After Supreme Court order, police raid gay venues in Moscow

by time news

Police carried out several raids on LGBTQ clubs in Moscow on Friday night and early Saturday morning (02/12), according to local press.

“The operations were carried out in Moscow since 10pm on Friday (local time), reported the Telegram channel called Ostorozhno Moskva (Be careful Moscow, in free translation).

According to the channel, the police arrived at these establishments and asked for the identity documents of the patrons. The people were released after their identifications were photographed.

Furthermore, according to witnesses cited by Ostorozhno Moskva, the police raided several saunas claiming they were looking for drugs.

“Everything is done under the guise of a regular anti-drug operation. No violations were detected, but they ruined people’s leisure time. In the sauna they behaved disrespectfully, forcing people to lie on their backs on the floor,” the Telegram channel reported.
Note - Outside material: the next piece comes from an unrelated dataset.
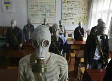 中新网4月24日电 据路透社报道,4月26日是切尔诺贝利核泄漏事故20周年纪念日,乌克兰和白俄罗斯都将举行各种形式的纪念活动,以此悼念在那次严重事故中遇难的人们。图为切尔诺贝利核电站附近学校的孩子们在核安全演习课上带着防毒面具。(春风)
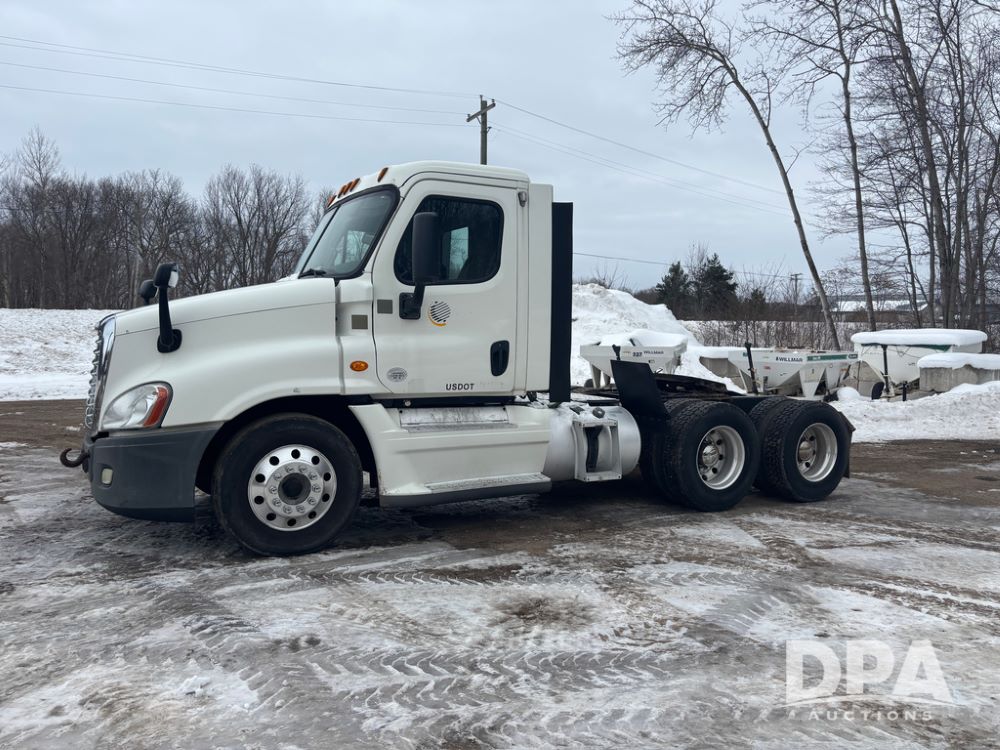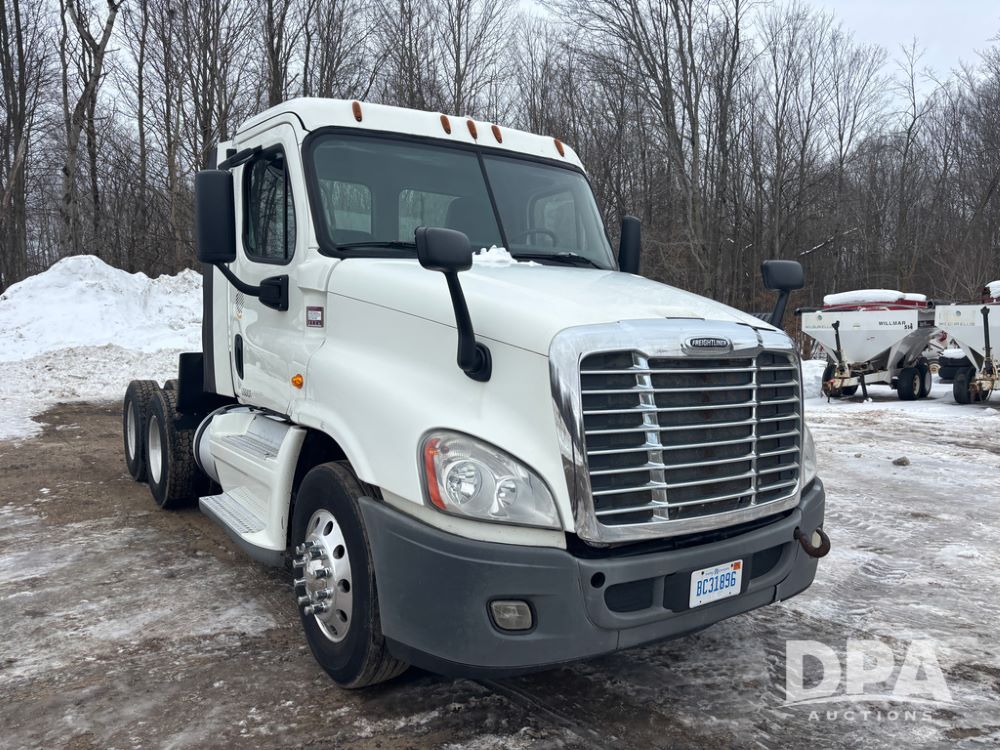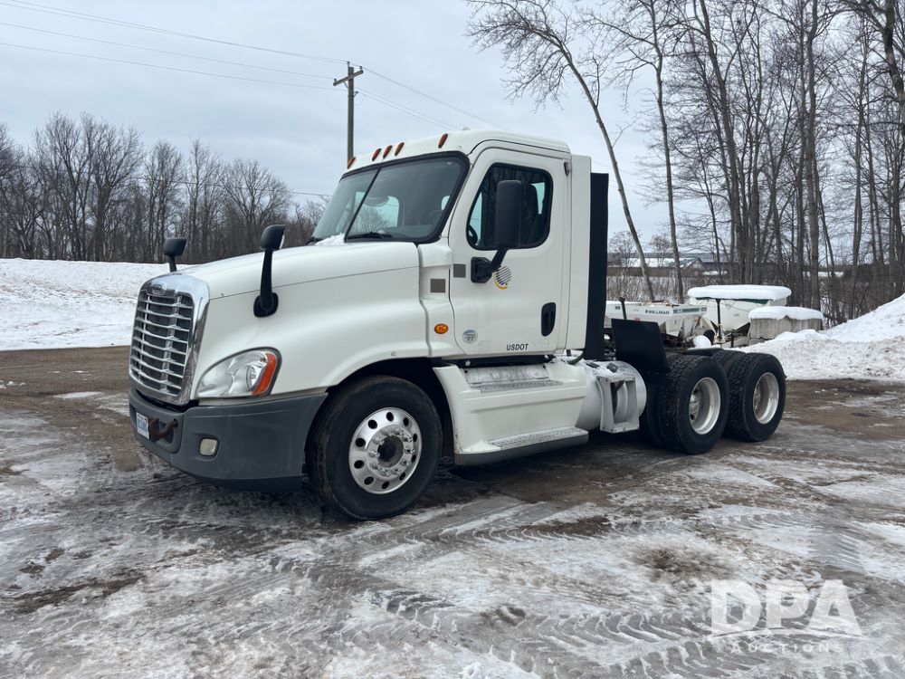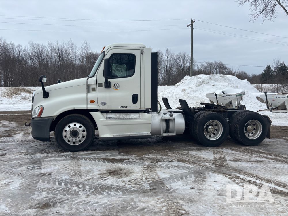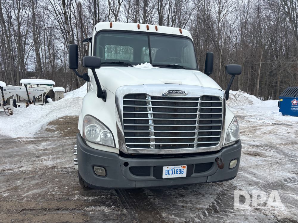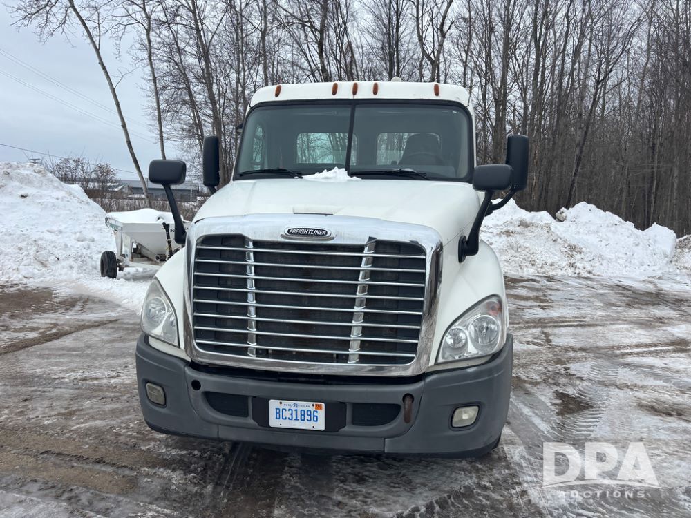 2014 Freightliner Cascadia Truck (DR13182), Cummins diesel engine, Smart shift transmission, tandem axle full screw, air ride suspension, 180'' WB, air slide 5th wheel plate, dual aluminum fuel tanks, air dump valve, cruise control, engine brake, power windows, locks and mirrors, 22.5 tires, all aluminum wheels, odometer reads 559,215 miles.

According to the Sota portal, police raided three facilities in the center of Moscow, also under the pretext of an anti-drug operation.

“In the middle of the party, the music stopped, and the police invaded the corridors. There were also foreign citizens at the party. When leaving, they photographed their passports without authorization. This is a well-known scheme, this is how similar clubs were closed in Saint Petersburg”, commented a witness quoted by Sota.

LGBT movement as “extremism”

This Thursday, Russia’s Supreme Court banned the LGBTQ movement, which it considered “extremist”, in a decision that triggered a wave of outrage among the country’s sexual minorities.

The measure prohibits both LGBTQ advertising and advertising, as well as “generating interest and encouraging adherence” to the movement.

Homosexual activists and jurists contested that, according to the Constitution, Russia is a secular state and accused the Kremlin of wanting to “control” the consciences of Russians, while at the same time inculcating “‘traditional’ family values, supposedly incompatible with the movement activities.”

On Friday night, St. Petersburg’s Central Station, one of the city’s oldest gay clubs, announced it was closing due to the previous day’s decision.

Since 2022, Russia has already passed a law to ban what it called “LGBTQ propaganda” among adults – acts that promote “non-traditional sexual relations” – and the carrying out of gender reassignment treatments and medical interventions, as well as gender reassignment. in official documents, in addition to also prohibiting the adoption of children by LGBTQ people.

costume agenda

In November, before the United Nations Human Rights Council, Russia asserted that it protects the rights of LGBTQ people, arguing that “restricting public demonstrations in favor of non-traditional sexual relationships or preferences” is not censorship.

Russian President Vladimir Putin, who is expected to campaign for another six-year term in March, is trying to maintain his domestic popularity by investing in an agenda of customs to the detriment of liberal values, which he associates with the West.

In a speech last year, he said the West had adopted “somewhat strange fashions, like dozens of genders and gay parades,” but that he had no right to impose them on other countries.

Determined to transform his country into a moral reserve against Western relativism, Putin recently assured that homosexuals “are also part of society”, but criticized the obsession with equality for sexual minorities.